Denk nu niet dat je rust hebt als je achter het anker ligt. Je vaart en ligt op zout water dus het is zorgen de slijtage voor te blijven want dat wil wel in deze environment. Om eens wat te noemen; de bulletalies wassen en opbergen (we varen toch alleen maar aan de wind en zo hangen ze maar zout te worden aan de reling) en is het tijd om de verstaging eens goed na te lopen. Ontzouten en weer nieuw vet op de plek waar de stag de terminal ingaat (tip van Sjoerd en het werkt super; door de warmte loopt het vet vanzelf naar binnen en zo geen roest strepen). De vlag repareren (compleet uitgewaaid). Alle bouten controleren op lostrillen en waar nodig weer vastzetten, het onderwaterschip controleren (heerlijk), zoals altijd wat poetswerk en het “zetten” van een nieuwe drukknop op de hor voor als we weer in windstille gebieden komen en we die bescherming hard nodig hebben.

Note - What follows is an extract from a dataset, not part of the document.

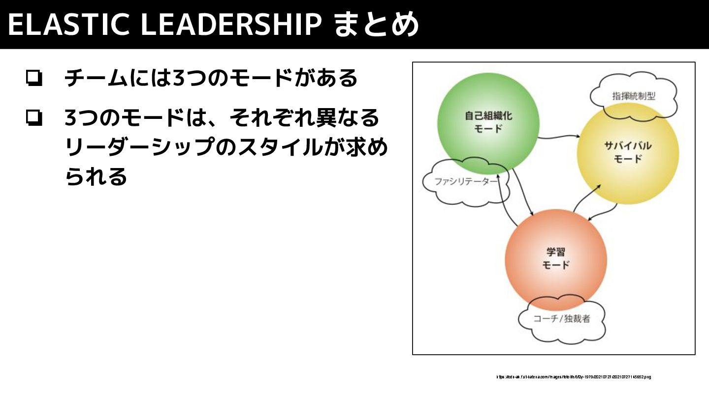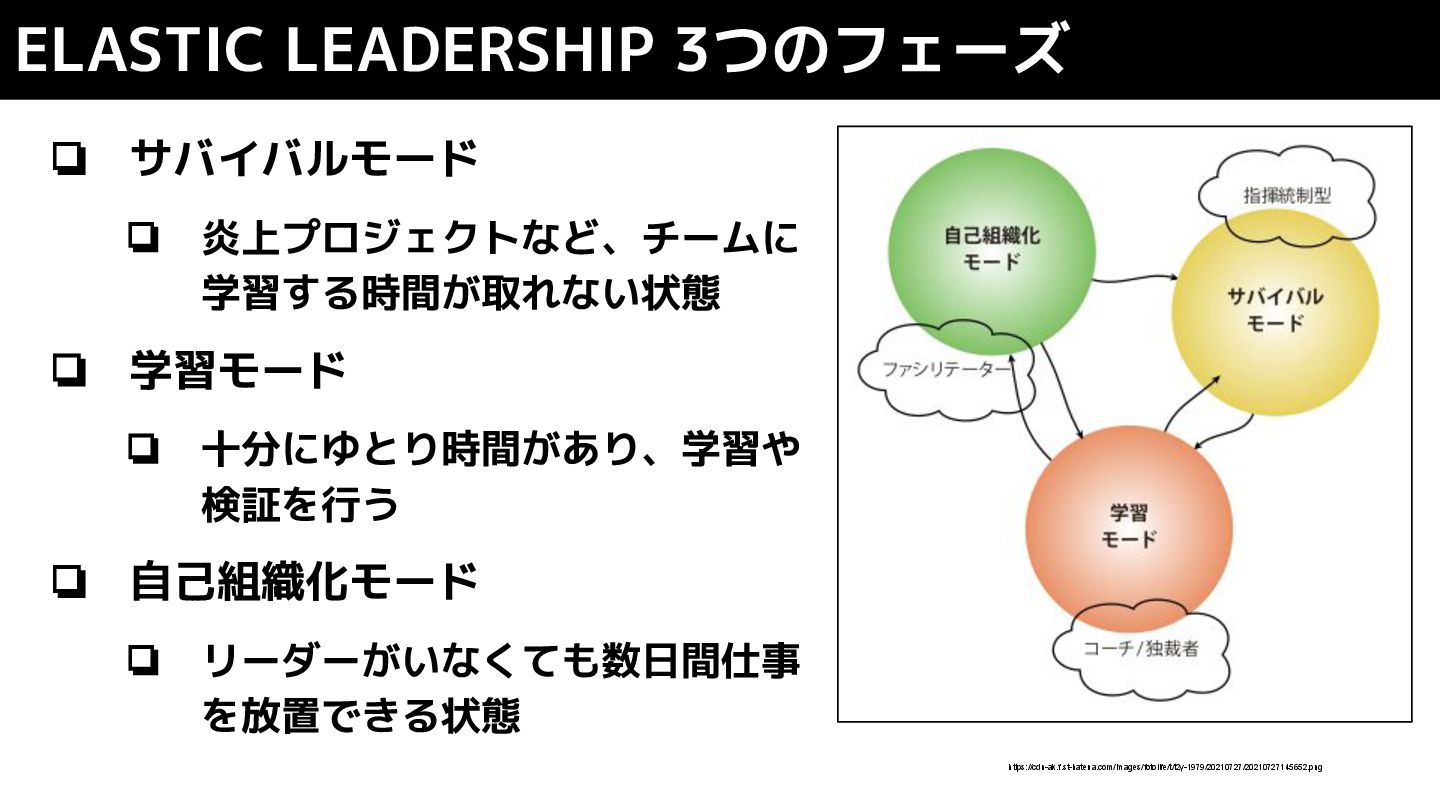 ❏ 自己組織化モード ❏ リーダーがいなくても数日間仕事 を放置できる状態 ELASTIC LEADERSHIP 3つのフェーズ https://cdn-ak.f.st-hatena.com/images/fotolife/t/t2y-1979/20210727/20210727145652.png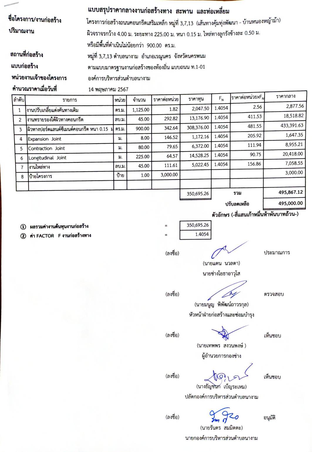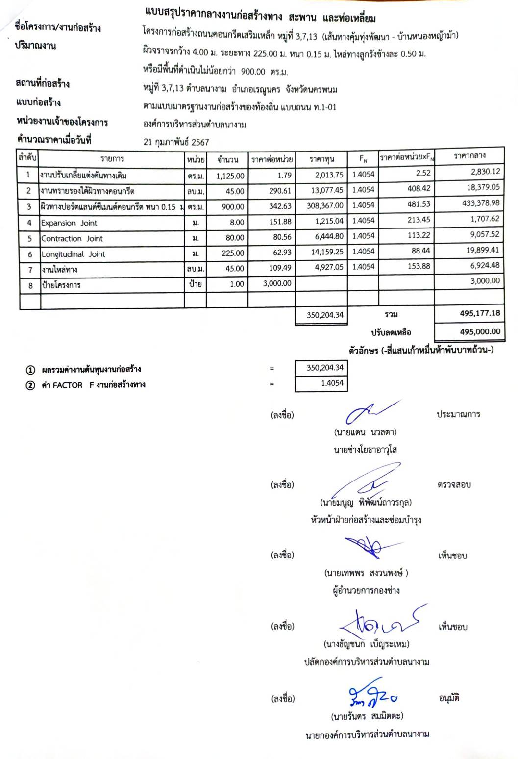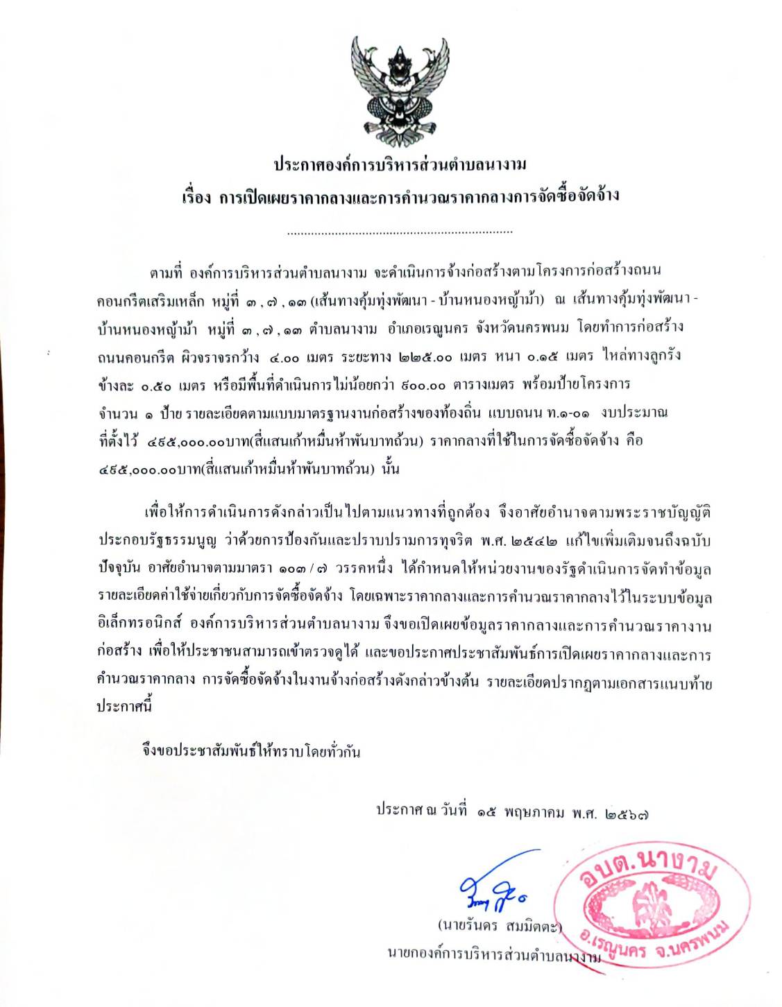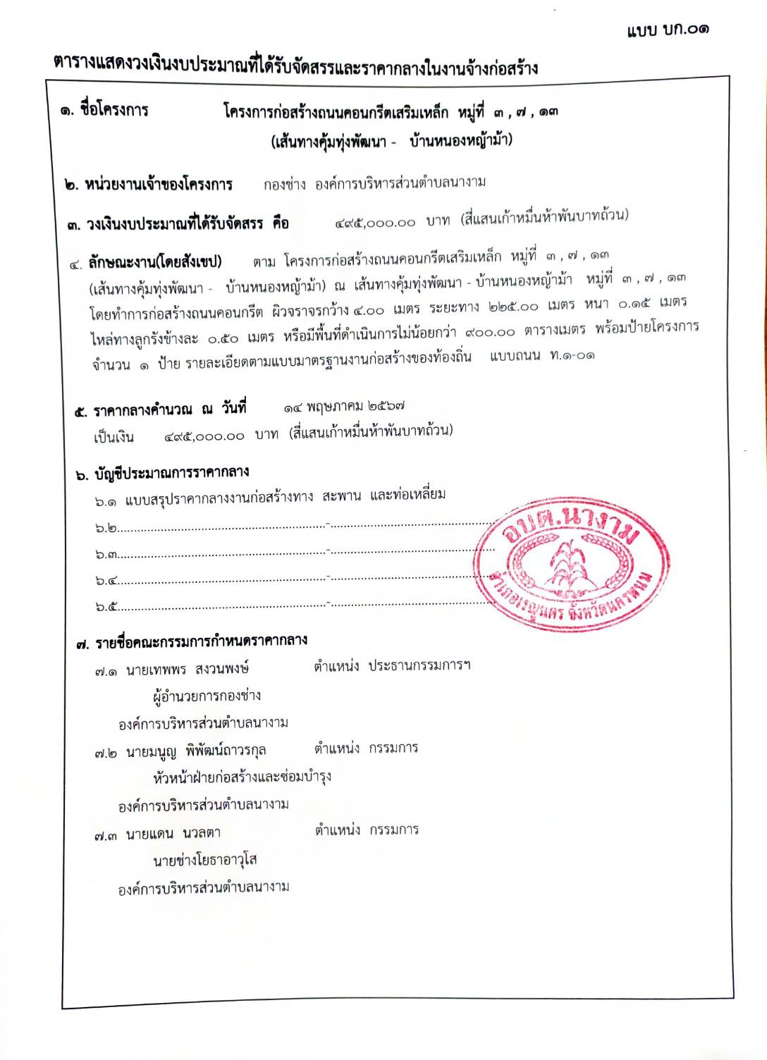 ชื่อเรื่อง : ประชาสัมพันธ์การเปิดเผยราคากลางตามโครงการก่อสร้างถนนคอนกรีตเสริมเหล็ก หมู่ที่ ๓ , ๗ , ๑๓ (เส้นทางคุ้มทุ่งพัฒนา - บ้านหนองหญ้าม้า)

Eigenlijk zou de was ook gedaan moeten worden, maar ik durfde het eerst met die harde wind niet aan. Ja, in een mum van tijd droog maar of er dan nog vezels zijn overgebleven? Gelukkig hoopt de was zich niet op. We hebben ook niet veel om ‘t lijf en het moment voor de lakens zullen we later moeten pakken. Uiteindelijk toch maar gedaan met een droogtijd van 5 minuten. Je zou denken tijd over maar dat had je gedacht. Met deze veeleisende bemanning is er altijd wat te doen. Een hoovertje, de wc een beurt, opruimen en nog eens opruimen, koffie maken en de voorbereidingen treffen voor het eten, zoals altijd een hoogtepunt op de Livingstone.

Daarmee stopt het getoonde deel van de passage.